What is the Quad and which countries are its members?Expand

The “Quad” (Quadrilateral Security Dialogue) is an informal strategic grouping of four democracies: the United States, Japan, India and Australia, which coordinate on security, economic and infrastructure issues in the Indo‑Pacific.

What does "formalizing bilateral cooperation" on exploration, mining, and processing typically involve (e.g., agreements, joint ventures, regulatory alignment)?Expand

Formalizing cooperation on exploration, mining and processing typically involves negotiating memoranda of understanding, technical cooperation agreements and investment/gitarr arrangements; enabling joint ventures and public‑private partnerships; aligning regulatory standards (licensing, environmental and safety rules), data‑sharing, and export controls; and establishing timelines, financing and capacity‑building programs.

Were any concrete agreements, timelines, or implementation steps announced during this meeting?Expand

The February 3, 2026 State Department readout does not announce any specific signed agreements, timelines or implementation steps; it is a meeting readout describing discussions and commitments to expand cooperation, not a procurement of concrete accords or schedules.

How would U.S.-India cooperation on critical minerals affect global supply chains for technologies like batteries and semiconductors?Expand

U.S.–India cooperation on critical minerals could diversify and shorten supply chains for batteries, advanced materials and certain semiconductor inputs by increasing upstream supply (exploration and mining) and middle‑stream processing capacity outside single‑source countries.
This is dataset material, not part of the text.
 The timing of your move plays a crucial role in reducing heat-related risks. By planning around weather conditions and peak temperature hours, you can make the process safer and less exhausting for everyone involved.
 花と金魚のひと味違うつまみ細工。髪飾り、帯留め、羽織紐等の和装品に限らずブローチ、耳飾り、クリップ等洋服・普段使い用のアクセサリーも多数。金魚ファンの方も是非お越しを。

That would reduce concentration risk, ease bottlenecks for EV batteries, magnets and related components, and make suppliers less vulnerable to geopolitical disruption—though commercialization and scale‑up would take years and require investment and regulatory alignment.
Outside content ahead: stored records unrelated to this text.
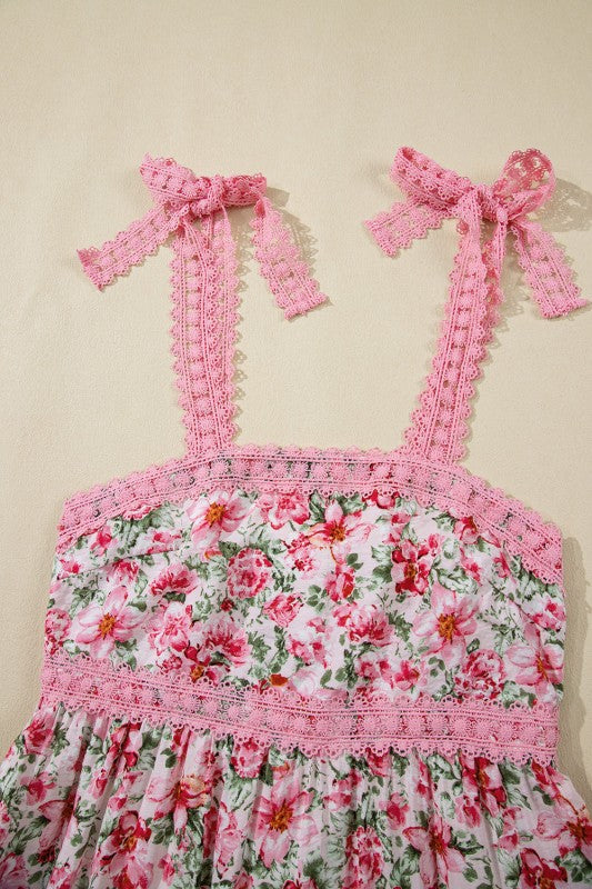 Floral Lace Tied-Strap Empire Waist Maxi Dress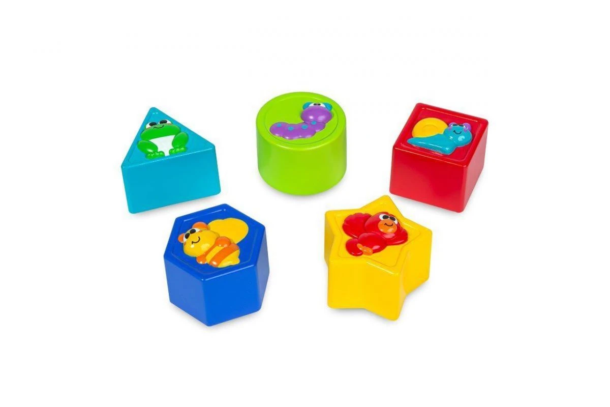 Un composant électronique central (fleur) : un trieur de formes avec 5 formes 3D représentant des animaux en 3D.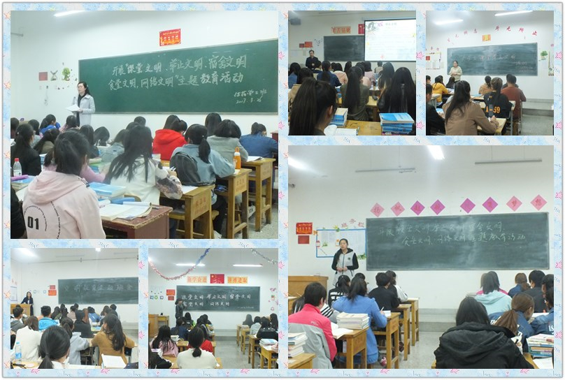 各班班會從什么是文明講起,聯(lián)系生活實際,講述校園文明、家庭文明和社會文明的重要性。各班主任首先向同學們闡述了對于當代大學生來說,文明修身和專業(yè)學習同等重要,專業(yè)學習主要培養(yǎng)大學生的科學精神,而文明修身主要培養(yǎng)大學生的人文精神,二者缺一不可。通過講述身邊同學的故事,指出校園、家庭和社會上存在的不文明、不和諧現(xiàn)象,要求同學們對自身言行舉止進行約束,共同攜手,提高自身文明行為,提升大家的思想道德和人文素質(zhì)。隨后,由同學們就“文明行為”發(fā)表了自己的看法,大家由主題聯(lián)想到自己身邊的一些不文明的行為,并就這些不文明行為發(fā)表了自己觀點,同時,同學們就如何提高自身道德素養(yǎng)、如何更好地做到文明修身提出了自己的建議和意見。經(jīng)過同學們的積極發(fā)言和認真討論,大家認為只有文明的個人才會有文明的班級團體,才會有文明的校園,才會有和諧的社會。

Who is Principal Deputy Spokesperson Tommy Pigott and what is his role in State Department communications?Expand

Tommy Pigott is the Principal Deputy Spokesperson at the U.S. Department of State; in that role he regularly delivers official departmental readouts, briefings and attributable statements to the press and public on behalf of the State Department’s Bureau of Public Affairs/Office of the Spokesperson.